## What you are asked to do:
What is needed is a word-for-word copy of the lines below from the one with "戴着蓝色溯源环的大芦山土鸡。" through the one with "这系列使用韩国进口小雏菊图案", both included, with every picture left out.

## Records for the task:
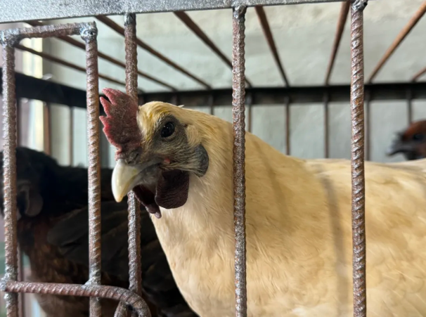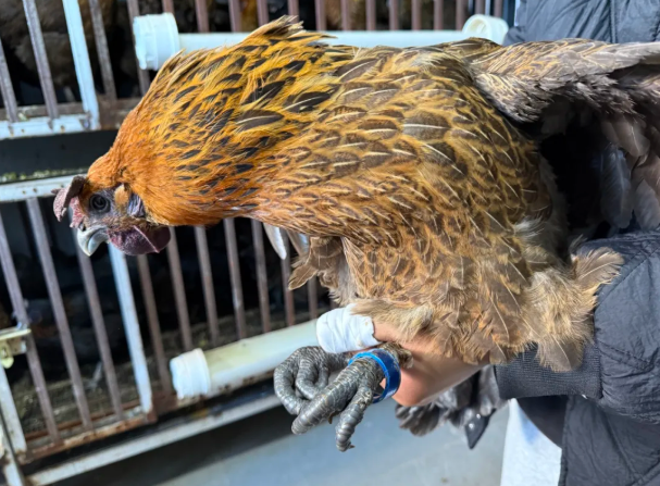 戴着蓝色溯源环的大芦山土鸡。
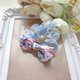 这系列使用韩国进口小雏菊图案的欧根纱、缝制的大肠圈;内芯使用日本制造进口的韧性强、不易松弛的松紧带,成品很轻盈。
...
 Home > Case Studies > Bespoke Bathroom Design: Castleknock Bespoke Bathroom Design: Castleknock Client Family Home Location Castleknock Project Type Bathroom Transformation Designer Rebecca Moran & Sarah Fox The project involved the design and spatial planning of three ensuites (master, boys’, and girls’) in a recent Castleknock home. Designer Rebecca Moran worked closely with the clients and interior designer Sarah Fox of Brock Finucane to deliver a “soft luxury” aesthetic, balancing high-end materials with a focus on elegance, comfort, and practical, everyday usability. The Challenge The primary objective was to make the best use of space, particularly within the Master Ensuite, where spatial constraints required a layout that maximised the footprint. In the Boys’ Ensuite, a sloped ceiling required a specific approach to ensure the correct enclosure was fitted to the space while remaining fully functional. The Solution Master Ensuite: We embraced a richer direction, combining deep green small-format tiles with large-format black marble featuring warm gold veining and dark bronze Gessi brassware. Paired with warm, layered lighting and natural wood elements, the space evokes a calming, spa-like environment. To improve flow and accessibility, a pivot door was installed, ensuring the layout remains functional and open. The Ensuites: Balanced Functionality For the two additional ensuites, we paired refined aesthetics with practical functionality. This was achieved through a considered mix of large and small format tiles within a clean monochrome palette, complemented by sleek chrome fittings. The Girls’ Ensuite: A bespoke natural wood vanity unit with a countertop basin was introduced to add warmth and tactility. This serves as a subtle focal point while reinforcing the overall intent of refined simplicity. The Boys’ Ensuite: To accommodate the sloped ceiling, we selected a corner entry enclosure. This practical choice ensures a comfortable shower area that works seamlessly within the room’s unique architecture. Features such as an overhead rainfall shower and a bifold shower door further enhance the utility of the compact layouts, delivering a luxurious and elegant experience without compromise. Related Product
==
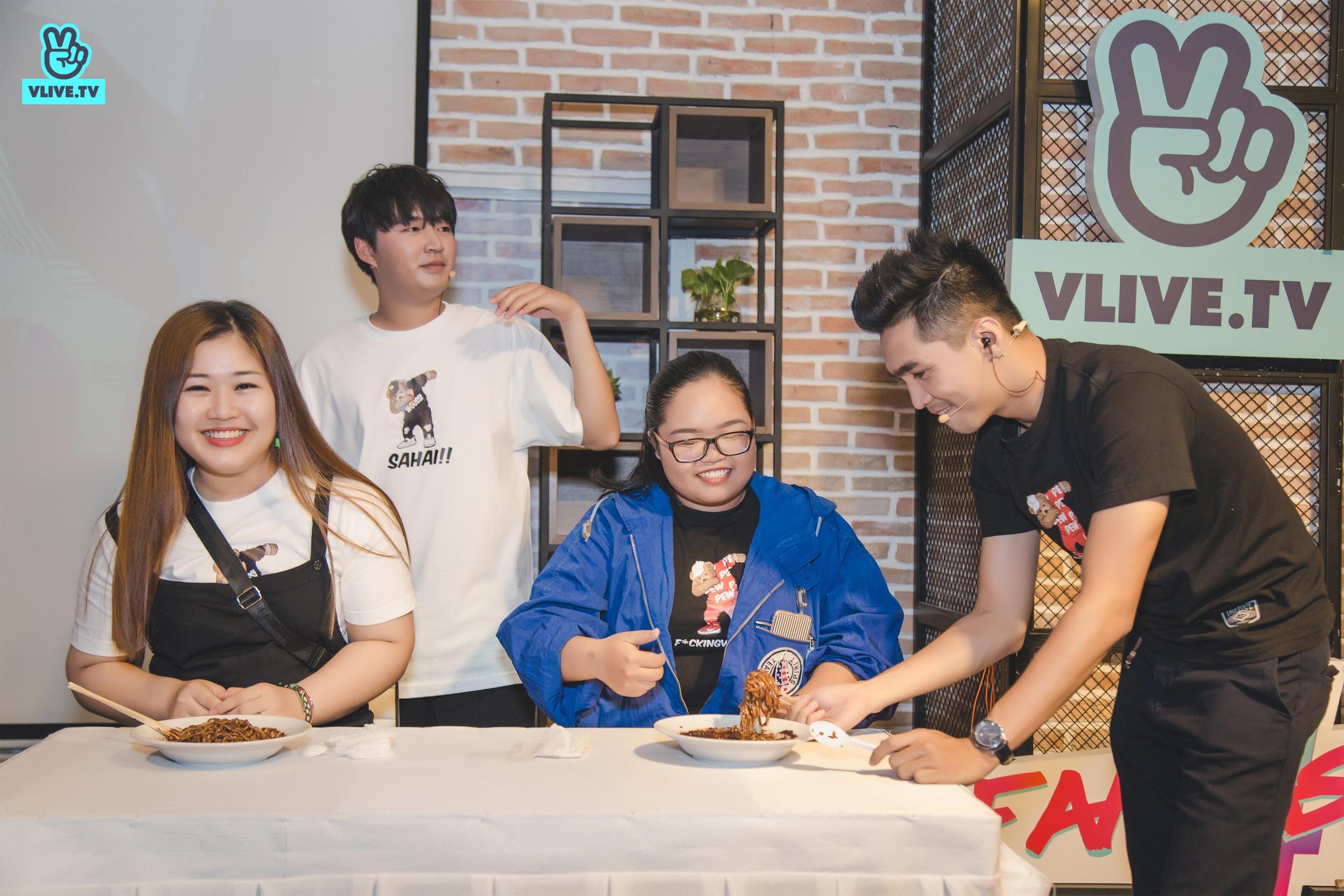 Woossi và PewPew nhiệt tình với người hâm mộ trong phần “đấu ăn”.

## Solution to this task:
 戴着蓝色溯源环的大芦山土鸡。
 这系列使用韩国进口小雏菊图案的欧根纱、缝制的大肠圈;内芯使用日本制造进口的韧性强、不易松弛的松紧带,成品很轻盈。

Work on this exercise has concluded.